Politicians Fight Opioid Epidemic with Combination Locked Pill Bottles
Lawmakers are scrambling to find effective solutions to help curb the opioid crisis that is ravaging the U.S., though some of the solutions are getting creative. Two politicians from Tennessee, Senator Richard Briggs, and Representative Matthew Hill have introduced the Pilfering Prevention Act, which is intended to help prevent prescription opioid medications from ending up in the hands of anyone besides the prescribed patient.
This bill outlines a plan to require combination locking pill bottles to be used to distribute opioid prescription medications—as well as benzodiazepines and stimulants—in the state of Tennessee. The hoped-for outcome is that these bottles will restrict access to the medications for adolescents, as well as make it more difficult to sell prescriptions illegally.

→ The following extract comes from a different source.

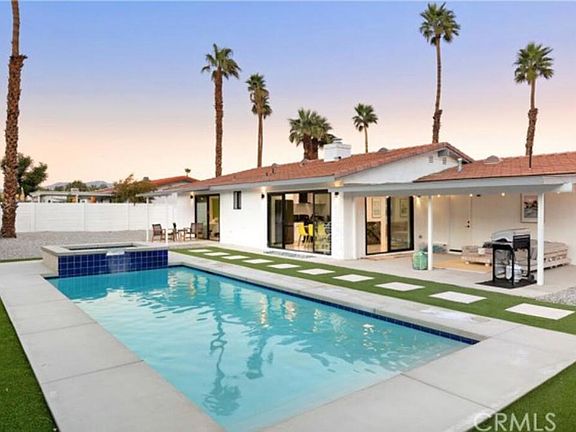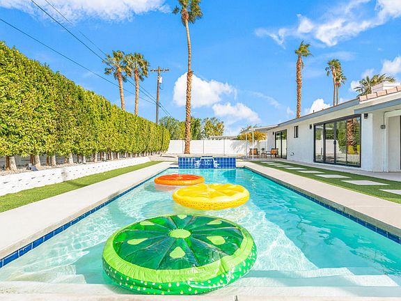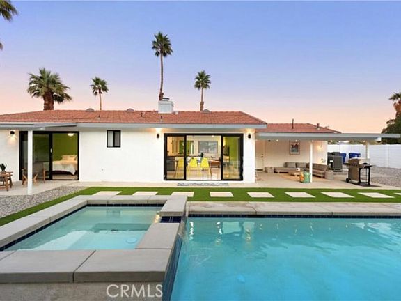Leave the big city behind and buy in Palm Springs ware your money buys you more house for the dollar. Spectacular completely renovated vacation rental or a Resort Home to enjoy..This four bedroom two bath home with newer pool and spa.. Turnkey furnished and ready to move into our currently operating as a resort rental and bringing in money. The open concept living room catches your attention with the porcelain flooring. Completely renovated kitchen with a new appliances and lots of quartz countertops. The main bedroom suite has its own patio that faces the pool and spa and luxurious highly upgraded bathroom. Designer decorated and ready to go making this a super deal.

Senator Richard Briggs says of the bill,
Too often well-meaning Tennesseans are completely unaware of the highly addictive, and potentially lethal, prescriptions drugs sitting in the family medicine cabinet. This is where drug addiction starts, and often where accidental overdoses occur. These drugs are being manufactured and prescribed in record numbers, and so it shouldn’t be a surprise that drug-related deaths are at an all-time high in Tennessee. We must explore every tool to combat this epidemic, and my bill is a practical and important step in the right direction.
Regarding the need for the Pilfering Prevention Act, Representative Hill says,
Currently, there is little distinction between the way commonly-prescribed drugs and highly-addictive and dangerous drugs are dispensed in Tennessee. If we’re going to be serious about addressing our obvious prescription drug problem in Tennessee, we have to implement safeguards that differentiate certain dangerous prescriptions and divert the possibility of abuse. That’s what my bill aims to do.
Similar bills have been attempted in Michigan, Colorado, and Maryland, but ultimately have failed to pass.
The Details of the Pilfering Prevention Act
Many opioid and prescription drug addictions begin in adolescence when teens start by stealing a few pills from the medicine cabinets of their parents or the parents of their peers. Teens are 9 times more likely to steal pills than to buy them, which is why the lawmakers are interested in preventing this theft from occurring.
Opioid addiction often starts in the medicine cabinet, argues members of the statewide coalition “Secure Tennessee’s Opioid Prescriptions” (STOP), and it’s very rare that anyone skips the gateway of prescription drugs to jump straight into heroin use. They back this bill because it aims to close this path to opioid addiction for many adolescents.
Specific medications, including opioid pain medications, benzodiazepines, and stimulants, would be required to come in combination locked pill bottles under the new law. Patients who are prescribed these medications would be issued a secret PIN to unlock the bottle. The increased costs of these bottles are expected to be passed back to drug manufacturers—a solution to the issue that caused similar bills in other states to fail.
Currently, these medications are issued in the same child-proof pill bottles that most prescriptions are packaged in. The initial design of these bottles was to deter young children from gaining access to prescription medications when they first hit the market 50 years ago, but they weren’t intended to prevent teenagers from accessing medications without their parents’ knowledge.
Anti-drug abuse advocates and medical professionals are endorsing this bill as a step in the right direction to address the start of opioid addiction and restrict access for many teens—but is it enough?
Is the Pilfering Prevention Act a Real Solution?
Critics of the bill have accused it of being a band-aid on a much bigger issue. The attitude of the bill is that it will prevent opioid addiction by preventing teens from accessing these medications, but it ignores the reality that opioid medications are easy for teens and children to get ahold of.
Others are concerned that a plastic pill bottle isn’t actually an effective deterrent to prevent pill theft. The bill’s sponsors, however, are quick to explain that the purpose of the bill isn’t to stop determined drug addicts—it’s intended to prevent teens and children from taking just a few pills at a time from their parents’ prescriptions.
“What we’re doing now is little steps. This lockable pill vial is a little step, but it might keep some teenagers from becoming addicted.” Senator Riggs says.
Locking boxes and bags for pills aren’t a new concept, but they are an extra step that many patients simply just don’t think to take. By making these locking caps mandatory, legislators are hoping to make sure that all opioid medications are controlled, without requiring any extra steps on the patients’ part.
While taking steps to address the opioid epidemic is needed, it’s clear that far more sweeping reforms are needed to address the issue than locking pill bottles. Critics of the bill point to Portugal’s historic decriminalization of all drugs, which had incredible effects on the country’s crime rates, overall population health, and more.
Tennessee is taking other steps to restrict access to opioid medications, including shutting down “pill mill” pain clinics, offering increased opportunities for residents to safely discard of old medications, and instituting more oversight over opioid prescriptions.